CCC 20th: Why We Still Love to Cheat

You’d think being a grown up would entail refraining from looking up game FAQs and Let’s Plays until you beat the game in question, but nope. The rest of the Cheat Code Central staff and I have always cheated, and we will continue to do so so long as we’re capable of inputting commands into a controller. That’s fine, to an extent. It’s an unofficial requirement for writing for this site. But what is it that compels us to cheat? Are there ethical reasons for cheating? How have our habits changed since we first started playing video games?

When I was growing up, cheating was possible thanks to a series of codes that allowed you to have infinite lives or engorged the size of enemy heads, among many possibilities. Enter enough of these codes, and they become ingrained into your muscle memory. Just ask anybody who knows the famous Konami code. Speaking of which, some gamers would never have completed Contra had it not been for that code. I’d like to say that I would save the cheating for after I beat a game; however, it’s just not possible for a kid to get through an NES-hard game without bending the rules sometimes. Games are hell. You do what you must to survive.


Now, however, consoles and PCs are connected to the internet. Many of us either should have learned by now or gleefully disregard the rules, much to the chagrin of their teammates and opponents. Studios can combat cheating, but those players can also respond unreasonably, sometimes with death threats. It’s hard to stop people from cheating, and that’s a problem because they ruin everyone else’s fun just for kicks. And cheating is much more sophisticated compared to the era of cheat codes, what with aimbots, gold farming, and hacking, oh my! 

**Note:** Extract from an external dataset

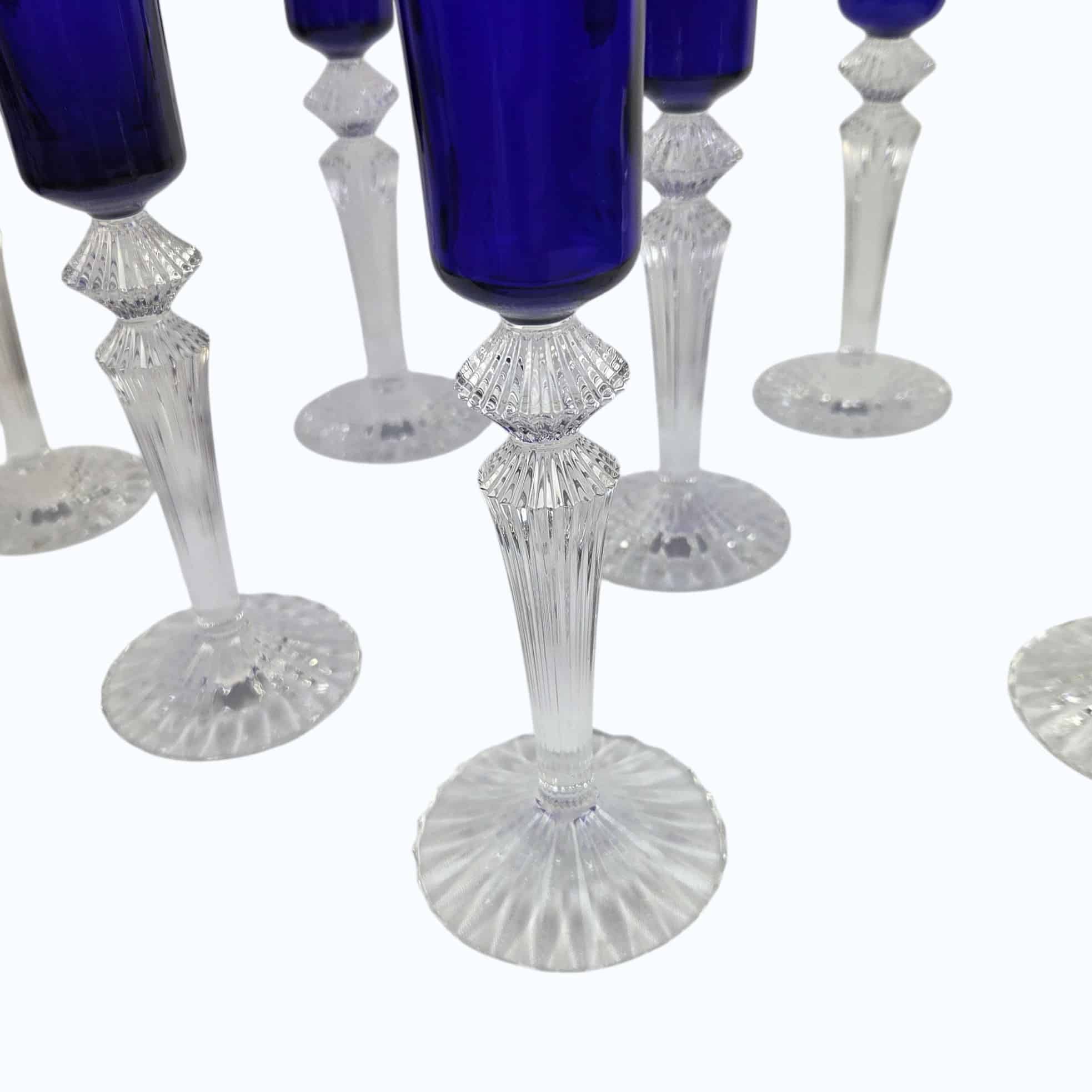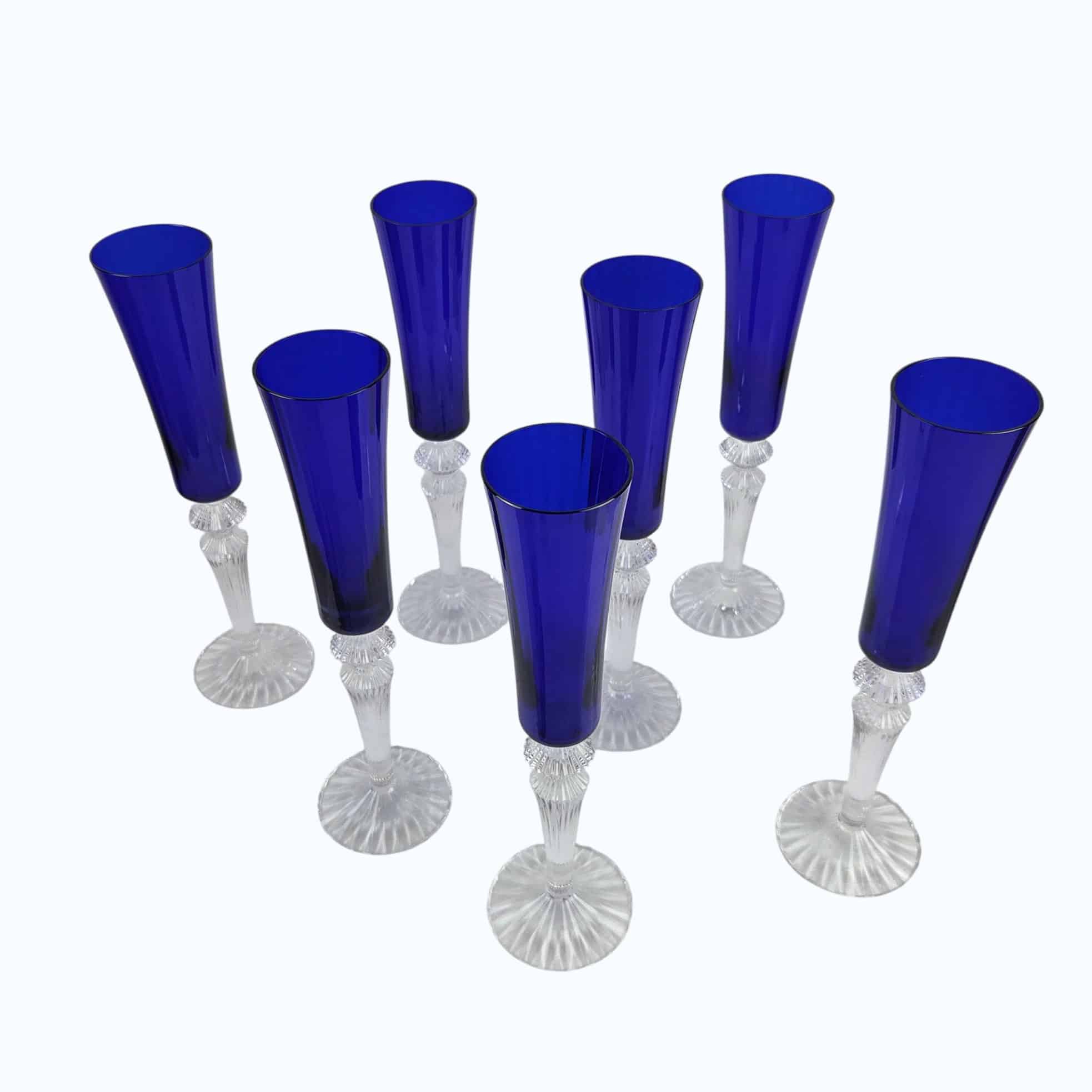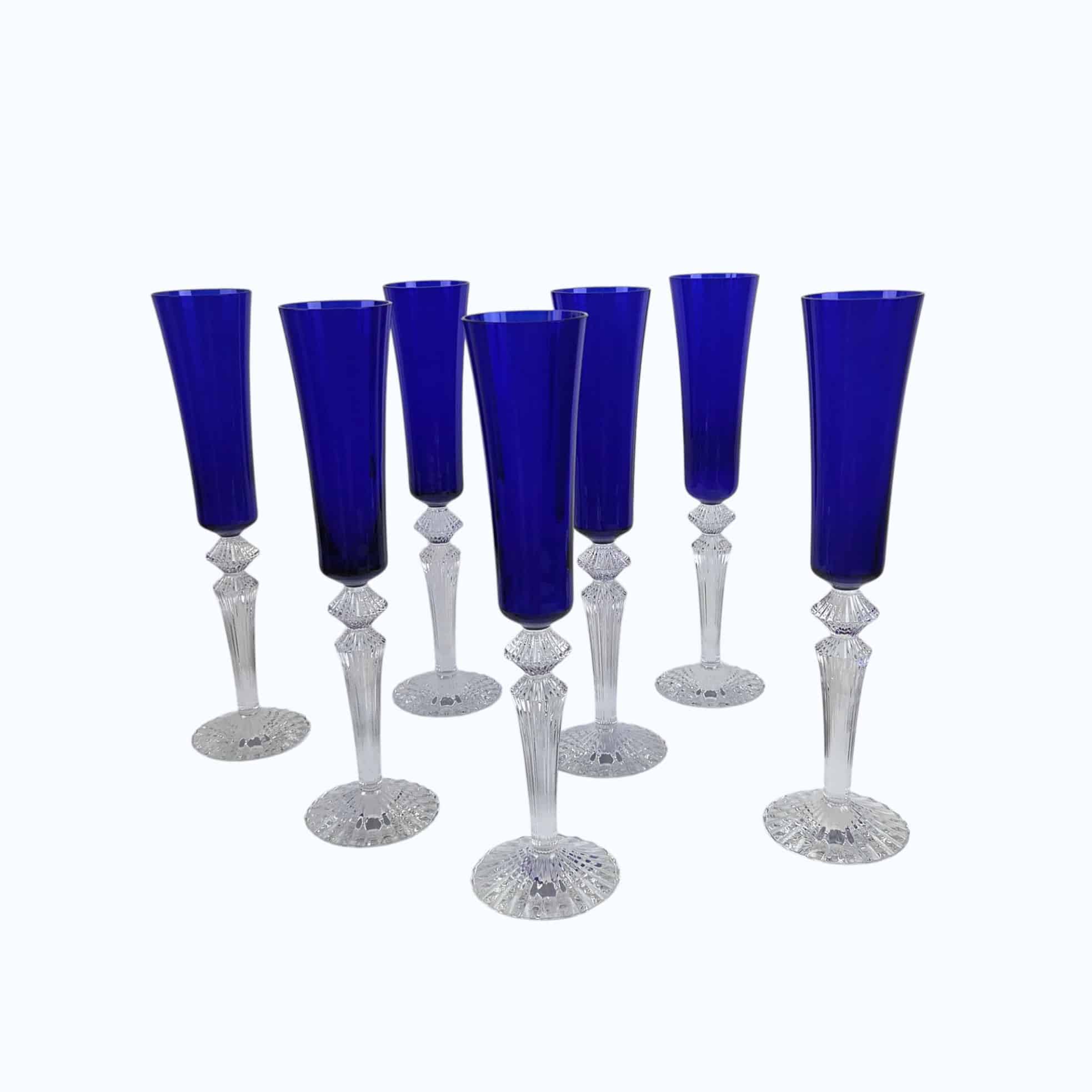 Suite de 7 flûtes en cristal de Baccarat bleues, modèle Mille Nuits.

I can’t defend such behavior; but I do think that in a single-player setting - or at least when playing with close friends - cheating is not only acceptable, it’s part of what makes the medium unique. For all the talk of wanting better storytelling in games, it’s a much different experience compared to movies and books. Sure, we can glance over certain passages or blink and miss a scene, but the writers and directors have total control over the story. If you’ve ever wandered around as Gordon Freeman while Alex and Eli Vance discuss important matters, then you know that player input alone can impact a story. Add cheating into the mix and you get beautiful chaos.


I think some gamers cheat because they like to push back against the developers, and that makes sense. Video games are sort of like friendly challenges from creators to consumers. In a single-player setting, no one is forcing us to play by the rules. It feels good to test the boundaries of a game, then share our new unorthodox strategies with the community. I certainly appreciate watching Let’s Plays that shows me easier ways to destroy a boss.  I personally consider exploiting glitches as a mild form of cheating because it’s a loophole unintentionally designed by the creators themselves and I never would have beat Ninja Gaiden for the NES if it wasn’t such a glitchy mess.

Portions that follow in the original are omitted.